Dans le cadre d’une série de réflexions que mes collègues et moi du « Haitian Well-Being Working Group » (Groupe de travail sur le bien être-haïtien composé de professionnel.les Haïtiens. nes des 4 coins du monde, dont une en mission à Kigali, Rwanda), avons initiées sur la gestion locale de la pandémie du Coronavirus-2019 (Covid-19) par certains pays à faibles revenus ; le parallèle entre Haïti et le Rwanda a retenu notre attention, compte tenu des similitudes d’ordre psychotraumatique et démographique entre ces 2 pays noirs.

À souligner que bien avant l’arrivée de la pandémie, je constatais avec prudence un engouement des jeunes leaders et personnalités médiatiques en Haïti pour le fameux miracle rwandais, qu’ils souhaitent vendre comme modèle de développement économique au pays. Ainsi, dans cet article, j’essaye de décortiquer la fabrique historique et psychosociale de ce miracle apparent et, la manière qu’il se serait incarné pendant cette période pandémique. En concluant sur les controverses et contradictions statistiques qui rendent ce « success story » problématique comme modèle de progrès à imiter en Haïti.

D’abord, et si nous commencions par une rapide comparaison de la performance des deux pays en matière d’indice potentiel de développement humain (tableau 1) ? 

Tableau 1 : Bref aperçu de la performance d’Haïti et du Rwanda en matière d’indice potentiel de développement humain (IDH)

Rang Haïti Rwanda
Indices de développement humain (IDH) 169 158
Espérance de vie à la naissance en 2018 63,5 ans 69
Ratio de mortalité maternelle pour 100 000 naissances vivantes 359 290
Pourcentage de sièges occupés par les femmes au parlement 2,7 % 55 %
Indice de pauvreté multidimensionnelle 41,3 % 54,4 %

Source : UNDP (2019)

Comme nous pouvons le constater dans le tableau ci-dessus, le Rwanda semblerait devancer Haïti à bien des égards.
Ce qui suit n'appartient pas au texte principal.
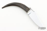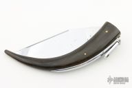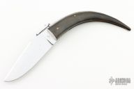 This knife features a large mirror polished clip point blade.  The handle features horn scales over nickel silver liners.  The lock is disengaged by pushing down on the steel lever.  Light scratches are visible, otherwise the knife is in good condition.  The blade is marked, "GCCO".

Le contexte sociohistorique rwandais 

Thompson (2018) note que les visiteurs trouvent au Rwanda un endroit attrayant, paisible après le génocide et la guerre civile de 1994 qui ont décimé près d’un demi-million de Rwandais (particulièrement le groupe des Tutsis et certains Hutus). Les visiteurs remarquent que les rues de la capitale sont propres et bordées d’arbres. Un contraste frappant avec son passé sombre, le Rwanda d’aujourd’hui est salué par certains comme l’un des pays les mieux organisés de l’Afrique subsaharienne.
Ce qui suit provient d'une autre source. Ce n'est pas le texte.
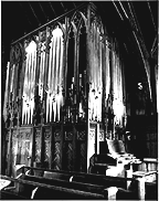Great 16' Violone (Prep.) 8' Diapason 8' Bourdon(Wood) 8' Geigen(Sw.) 8' Octave 4' Koppelflöte 2 2/3' Twelfth (Prep.) 2' Fifteenth 1 1/3' Seventeenth (Prep.) IV Fourniture 8' Trumpet Chimes Carillon Cymbelstern (Prep.) Swell 8' Geigen 8' Celeste (TC) 8' Chimney Flute 4' Principal 4' Harmonic Flute (Prep.) 2' Gemshorn III Plein Jeu 16' Fagotto (Prepared) 8' Trompette 8' Clarinet (Prepared) Tremulant Pedal 32' Resultant 16' Diapason (Ext. Great 8') 16' Violone (Prep.) (Great) 16' Subbass (Prep.-Great) 16' Bourdon (Swell Ext.) 8' Octave 8' Flute (Prep.- Sw. borrow) 4' Choral Bass (Prep.-8' Ext.) Trombone (Great 8' Ext.) 16' Fagotto (Prep.- Sw. borrow) 8' Trompette (Prep.-Sw. borrow) electro-pneumatic action |

Certains Occidentaux ressentent de la sympathie, voire de la responsabilité, pour les horreurs du régime génocidaire des extrémistes du groupe hutu. En conséquence, le Rwanda bénéficie d’une quantité excessive de bonne volonté, car les visiteurs — touristes, étudiants, travailleurs humanitaires, journalistes et diplomates — tombent amoureux des rues propres de Kigali, des restaurants rénovés, des nouveaux hôtels, des points d’accès WiFi, des bars à expresso servant les meilleures bières des brasseries rwandaises.

De nouveaux gratte-ciel, devantures de magasins, hôtels, banques, centres de congrès et centres commerciaux ont transformé la capitale. Les hôpitaux et les écoles ainsi que les routes et les ponts ont été reconstruits et de nouveau ont été ajoutés. Au milieu de Kigali se trouve le principal rond-point du quartier central des affaires rénové. Les piétons et les automobilistes partagent le rond-point, avec ses six routes de connexion menant à différentes parties de la ville et, éventuellement, à tous les coins du pays — le réseau routier du Rwanda est parmi les meilleurs en Afrique.

Kigali abrite 34 universités privées et publiques fonctionnant toute l’année. Elles proposent également des cours du soir pour les écoles techniques chargées de former la prochaine génération de leaders et l’élite éduquée ambitieuse : l’oisiveté et le manque de motivation sont des faux pas sociaux depuis le génocide de 1994. Discipline et concentration définissent le Rwanda contemporain, où les bons citoyens travaillent sans relâche pour promouvoir le développement national. La position officielle est que grâce aux initiatives dirigées par le gouvernement pour promouvoir l’unité nationale, les Rwandais vivent maintenant en harmonie. Les étiquettes ethniques – Hutu, tutsi ou Twa — sont reléguées au passé, une relique des régimes précédents qui manipulaient l’ethnicité à des fins politiques égoïstes. Le Rwanda est un pays en mouvement et Kigali son épicentre (Thomson, 2018).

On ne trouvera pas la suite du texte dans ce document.